**Problem to solve:** Reproduce every line below exactly as written; do not include the images.

**Exercise data:**
+++
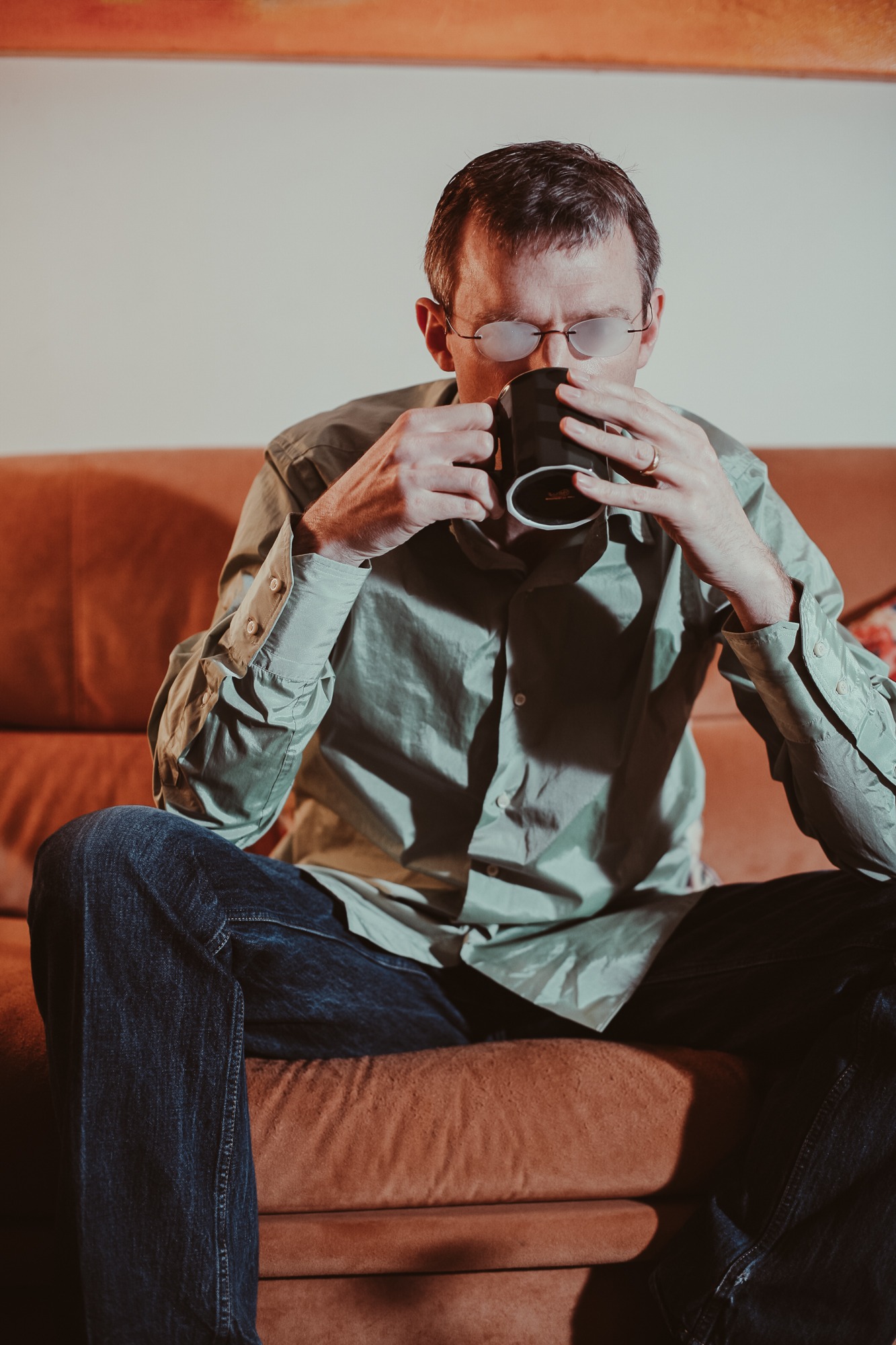 A number of my assignments took place in the subjects' private residences. This provided a different backdrop than a public location or a studio setting. The home environment and personal items provided a context, allowing for a portrait that captured a less public aspect of the subject's identity. These images serve as a unique visual record due to the private access granted.
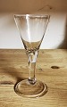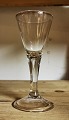 Vinglas på stilk. Såkaldt "Nøgen Jomfru" fra omkring 1800. Ombukket fod. Fremstår i god stand uden skader eller reparationer. H. 16 cm
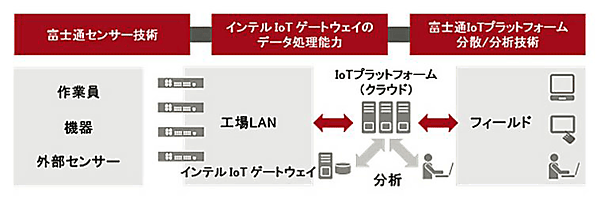 同技術を用いた分散サービス基盤の効果を最大限に引き出すためには、センター側にすべての処理を集中させず、ゲートウェイ側で一部を行うことが必要となる。インテルIoTゲートウェイは、インテルプロセッサーとソフトウェアとの組み合わせを事前に統合・検証することで優れた処理能力、セキュリティ、確証性を備えており、本ゲートウェイに富士通の分散サービス基盤技術を組み合わせることで、短期間でのシステム環境の構築を可能にする。また、データ量のリアルタイムな変化に対応したシステムの拡張・変更が可能になるとともに、サーバやパソコンなどデータ処理を行うハードウェアの数を削減することが可能となり、システム全体のコスト負担の低減が期待できる。
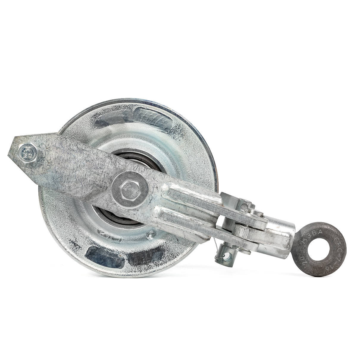 - Краткая характеристика: •Все детали блока изготовлены из стали; •Наличие быстроразъемного узла для отведения блока; •Грузовая траверса выполнена в виде ушка со свободой вращения 360°; •Возможность сочленения со стандартными элементами сцепной линейной арматуры; •Закрытые шарикоподшипники; •Рабочая нагрузка: 30 кН; •Диаметр каната: до 18 мм; •Диаметр ролика по ручью: 120 мм;
+++
**Problem solution:**
 A number of my assignments took place in the subjects' private residences. This provided a different backdrop than a public location or a studio setting. The home environment and personal items provided a context, allowing for a portrait that captured a less public aspect of the subject's identity. These images serve as a unique visual record due to the private access granted.
 Vinglas på stilk. Såkaldt "Nøgen Jomfru" fra omkring 1800. Ombukket fod. Fremstår i god stand uden skader eller reparationer. H. 16 cm
 同技術を用いた分散サービス基盤の効果を最大限に引き出すためには、センター側にすべての処理を集中させず、ゲートウェイ側で一部を行うことが必要となる。インテルIoTゲートウェイは、インテルプロセッサーとソフトウェアとの組み合わせを事前に統合・検証することで優れた処理能力、セキュリティ、確証性を備えており、本ゲートウェイに富士通の分散サービス基盤技術を組み合わせることで、短期間でのシステム環境の構築を可能にする。また、データ量のリアルタイムな変化に対応したシステムの拡張・変更が可能になるとともに、サーバやパソコンなどデータ処理を行うハードウェアの数を削減することが可能となり、システム全体のコスト負担の低減が期待できる。
 - Краткая характеристика: •Все детали блока изготовлены из стали; •Наличие быстроразъемного узла для отведения блока; •Грузовая траверса выполнена в виде ушка со свободой вращения 360°; •Возможность сочленения со стандартными элементами сцепной линейной арматуры; •Закрытые шарикоподшипники; •Рабочая нагрузка: 30 кН; •Диаметр каната: до 18 мм; •Диаметр ролика по ручью: 120 мм;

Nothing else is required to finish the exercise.